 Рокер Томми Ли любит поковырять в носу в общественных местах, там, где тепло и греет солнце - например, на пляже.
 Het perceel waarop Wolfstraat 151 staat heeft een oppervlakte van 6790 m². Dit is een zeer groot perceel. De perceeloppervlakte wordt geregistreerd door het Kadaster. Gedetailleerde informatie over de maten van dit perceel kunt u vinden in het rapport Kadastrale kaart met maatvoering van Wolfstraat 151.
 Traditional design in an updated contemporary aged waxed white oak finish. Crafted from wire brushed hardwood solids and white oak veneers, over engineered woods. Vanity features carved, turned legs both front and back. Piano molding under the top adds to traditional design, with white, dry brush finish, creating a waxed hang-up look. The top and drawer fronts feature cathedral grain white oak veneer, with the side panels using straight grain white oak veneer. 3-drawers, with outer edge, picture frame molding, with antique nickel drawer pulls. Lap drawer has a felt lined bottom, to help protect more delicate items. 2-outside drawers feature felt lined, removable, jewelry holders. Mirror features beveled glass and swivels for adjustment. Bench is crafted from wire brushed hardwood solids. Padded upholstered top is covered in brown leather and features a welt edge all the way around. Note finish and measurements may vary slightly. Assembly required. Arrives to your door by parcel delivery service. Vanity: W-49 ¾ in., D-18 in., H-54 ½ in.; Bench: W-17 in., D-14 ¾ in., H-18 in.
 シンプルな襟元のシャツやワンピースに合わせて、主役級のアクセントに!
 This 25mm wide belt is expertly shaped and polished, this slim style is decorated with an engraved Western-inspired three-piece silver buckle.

==============================

**TASK INSTRUCTIONS**
Give back the complete data, each line unchanged.

**ANSWER TO THIS EXERCISE**
 Рокер Томми Ли любит поковырять в носу в общественных местах, там, где тепло и греет солнце - например, на пляже.
 Het perceel waarop Wolfstraat 151 staat heeft een oppervlakte van 6790 m². Dit is een zeer groot perceel. De perceeloppervlakte wordt geregistreerd door het Kadaster. Gedetailleerde informatie over de maten van dit perceel kunt u vinden in het rapport Kadastrale kaart met maatvoering van Wolfstraat 151.
 Traditional design in an updated contemporary aged waxed white oak finish. Crafted from wire brushed hardwood solids and white oak veneers, over engineered woods. Vanity features carved, turned legs both front and back. Piano molding under the top adds to traditional design, with white, dry brush finish, creating a waxed hang-up look. The top and drawer fronts feature cathedral grain white oak veneer, with the side panels using straight grain white oak veneer. 3-drawers, with outer edge, picture frame molding, with antique nickel drawer pulls. Lap drawer has a felt lined bottom, to help protect more delicate items. 2-outside drawers feature felt lined, removable, jewelry holders. Mirror features beveled glass and swivels for adjustment. Bench is crafted from wire brushed hardwood solids. Padded upholstered top is covered in brown leather and features a welt edge all the way around. Note finish and measurements may vary slightly. Assembly required. Arrives to your door by parcel delivery service. Vanity: W-49 ¾ in., D-18 in., H-54 ½ in.; Bench: W-17 in., D-14 ¾ in., H-18 in.
 シンプルな襟元のシャツやワンピースに合わせて、主役級のアクセントに!
 This 25mm wide belt is expertly shaped and polished, this slim style is decorated with an engraved Western-inspired three-piece silver buckle.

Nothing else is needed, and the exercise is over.